Il tesoro conteso dei Savoia resta al popolo italiano
La sentenza non lascia spazio a dubbi: quei monili non furono mai beni privati di Casa Savoia, bensì ''gioie di dotazione della Corona'', e in quanto tali, parte del patrimonio collettivo della nazione.
Il tesoro, stimato in circa 300 milioni di euro, ma di valore incalcolabile per la sua rilevanza storica e culturale, giace dal 5 giugno 1946 — appena tre giorni dopo il referendum che decretò la nascita della Repubblica — in una cassaforte presso la sede centrale di via Nazionale della Banca d’Italia. A consegnarlo fu Falcone Lucifero, ultimo ministro della Real Casa, nel passaggio simbolico e materiale dal vecchio ordine monarchico alla nuova Italia democratica.
La causa legale era stata intentata nel 2022 da Vittorio Emanuele, Maria Pia, Maria Gabriella e Maria Beatrice di Savoia, in seguito a un primo diniego formale ricevuto nel 2021. Gli ex membri della famiglia reale avevano citato in giudizio la Banca d’Italia, la Presidenza del Consiglio dei ministri e il Ministero dell’Economia, sostenendo che i gioielli non appartenessero alla Corona, ma al patrimonio personale della dinastia. Una tesi che il Tribunale ha rigettato, definendo le pretese ''manifestamente infondate'', e respingendo anche la questione di legittimità costituzionale sollevata dagli eredi, escludendo qualsiasi rinvio alla Corte di giustizia.
Il collegio giudicante ha infatti confermato che la documentazione del tempo, in particolare il verbale di consegna del 1946, parlava esplicitamente di ''gioie di dotazione della Corona del Regno d’Italia''.
Una definizione che vincola, inequivocabilmente, quei beni alla funzione istituzionale della monarchia e non al patrimonio personale dei sovrani.
Ma cosa custodisce, nello specifico, quella misteriosa cassaforte? Secondo le ricostruzioni più accreditate, al suo interno si troverebbero oltre 6.700 brillanti e circa 2.000 perle, distribuiti per un totale di quasi 2.000 carati. Un patrimonio non solo ingente per valore economico, ma soprattutto carico di significato simbolico e culturale, che rappresenta un pezzo di storia nazionale finora sottratto allo sguardo dei cittadini.
Come ha sottolineato Olina Capolino, già avvocato capo della Banca d’Italia e figura centrale nella gestione di questa lunga controversia, ''È la giusta conclusione di una vicenda che ho seguito professionalmente per anni. Ora, da cittadina, spero che presto lo Stato decida di esporre questi storici monili in un museo, rendendoli finalmente accessibili a tutti''.
Ora tocca allo Stato fare la sua parte.

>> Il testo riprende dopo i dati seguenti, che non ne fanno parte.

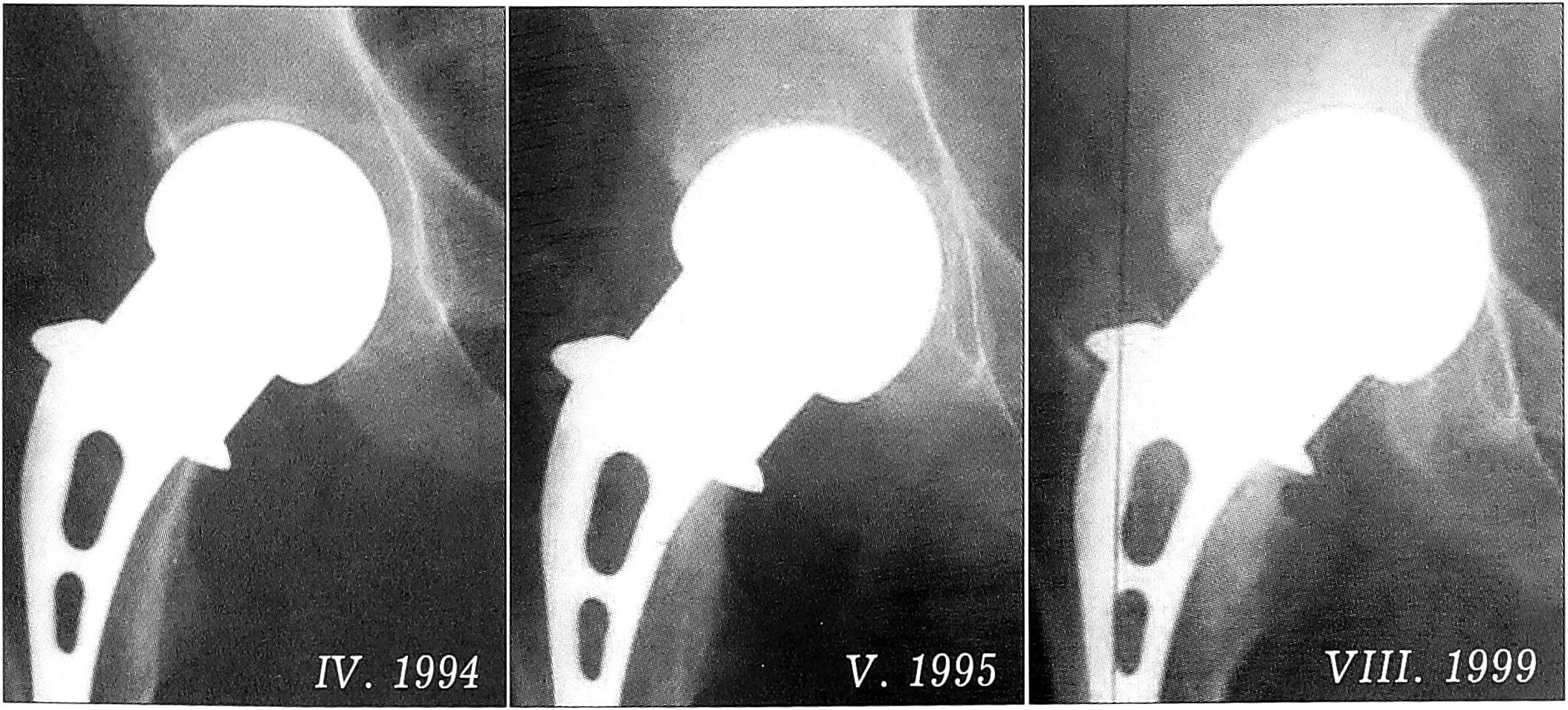 Рис. 1. Развитие протрузии головки эндопротеза Мура—ЦИТО в вертлужную впадину в течение 5 лет.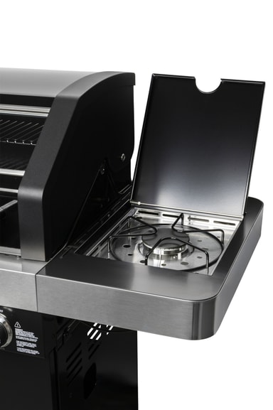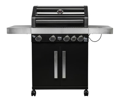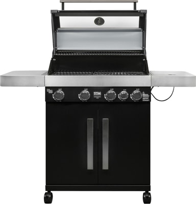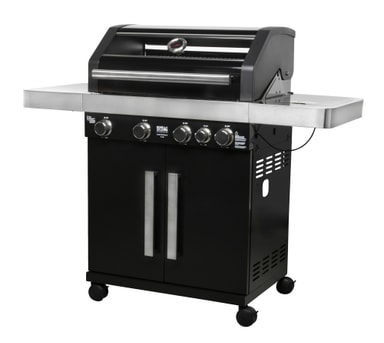 Grillen har dobbeltisolert lokk med vindu og termometer , 4 stk brennere i stainless steel (#304), Integrert tenning, emaljert grillrom og flammetemmere, grillrister i matt emaljert støpejern, MGS-system for variert grilling, varmehylle, store sidebord med 1 sidebrenner, Understell med skap for oppbevaring og 4 hjul. Grillflate 73,5x45cm + varmehylle. Montert str: 138x60x116cm. Effekt: 17kW. For enkel montering og gode tips, scan QR kode i manualen og følg instruksjonsvideo steg for steg.

La giustizia ha parlato con chiarezza, mettendo un punto fermo su una controversia che rischiava di alimentare polemiche e nostalgie fuori tempo massimo. Ma se la battaglia legale è chiusa, se ne apre ora una di natura culturale perché sarebbe anche giunto il momento che lo Stato si faccia carico della valorizzazione di questo patrimonio, rendendolo fruibile al grande pubblico. Non solo per soddisfare la curiosità estetica o il gusto per il lusso, ma per restituire ai cittadini un frammento importante del racconto nazionale.
Perché quei gioielli non sono semplici monili: sono simboli di un’epoca, testimoni muti del passaggio da monarchia a repubblica, e come tali meritano un posto nella narrazione collettiva della nostra identità. Un’esposizione pubblica — in un museo, in una sede istituzionale, magari accompagnata da un percorso didattico — non sarebbe soltanto un atto di giustizia storica, ma un segnale potente di trasparenza e appartenenza. Perché, come spesso accade nella storia, i simboli contano. E quei diamanti, quelle perle, non brillano solo per il loro valore materiale, ma anche per ciò che rappresentano: un pezzo d’Italia restituito alla sua gente.